Sometimes I just get an idea in my head, and I have to follow it through. Fortunately, 3D printing makes that easy. (Well, easier.)
In this case, it’s that Farkle board that I have come up with yet another design for. The one at the right was my first attempt, which came out pretty well. The black field you see, though, is cloth I added later. That means having to cut it exactly right to fit and gluing it in without dripping glue on the PLA board itself.
Being around or using something always helps me understand it better, or see a better way to design or use it. (That’s why I like to bring home my sculptures – living with them helps give me a new perspective and, I hope, appreciation for them.)
My buddy from the service and his wife were in town recently, so we had a rousing couple of games of the dice game Farkle, whereupon a new design popped into my mind ….
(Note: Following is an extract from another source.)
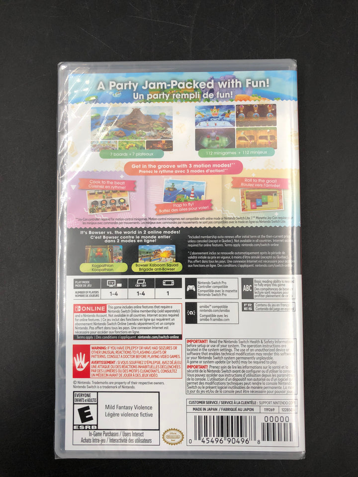 Join the latest Mario Party, a jamboree of seven boards and over 110 minigames From running through merry-go-rounds to motion-control minigolf, this jamboree is jam-packed with more minigames than any Mario Party™ game to date. With seven boards in all, you can go with the flow in Goomba Lagoon, search the mall for stars in Rainbow Galleria, or revisit the classics of Western Land and Mario’s Rainbow Castle. The Super Mario Party™ Jamboree game is coming to the Nintendo Switch™ system on October 17! Check out all kinds of additional modes, like the 20-player online* Koopathlon Race across the party board in Koopathlon, a series-first 20-player online*competition to see who can rack up the highest scores in minigames like the fast-paced Lane Change. The higher your score in each round, the faster you’ll get to the goal. Koopathlon is just one of a slew of additional modes—there’s something for every kind of Mario Party enjoyer! • Join a jamboree of over 110 minigames—the most of any Mario Party™ game to date • Seven boards to play on, including five new ones like Goomba Lagoon and Rainbow Galleria • Two classic boards are back: Western Land and Mario’s Rainbow Castle • A slew of additional modes, including several motion-control ones • Race through fast-paced minigames among up to 20 players online.

I’ve written about Farkle boards before, how I made a round one – much easier with 3D printing than with other fabrication processes! – then decided to print one in rubber. The rubber one has been a big hit among Farkle players. It’s extremely quiet and provides good action.
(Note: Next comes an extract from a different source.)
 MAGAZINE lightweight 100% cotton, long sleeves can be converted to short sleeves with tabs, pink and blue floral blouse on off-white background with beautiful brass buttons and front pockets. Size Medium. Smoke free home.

The downside: You can’t see the dice unless you look down into the board. The board sides slope in slightly to try to keep the dice inside, so you really have to lean over or be above it to see what you got from your throw.
That led me to my newest design.
I sat down with Geomagic, one of the CAD programs I use, and designed a Farkle board with slits on its sides. The dice are 5/8″ wide on each side, so I made the slits 1/2″ wide. I also domed the tops so that the printer should have an easier time of bridging the gap across them.
Next, it’s time to test the design. Before I run any more rubber filament, though, I plan to use some ugly color of regular PLA out of the filament closet. I’ll probably just print an inch or two up so I can see if the slots are the right width.
Then it’ll be time to print it in rubber.
And then I just need to work on my Farkle game!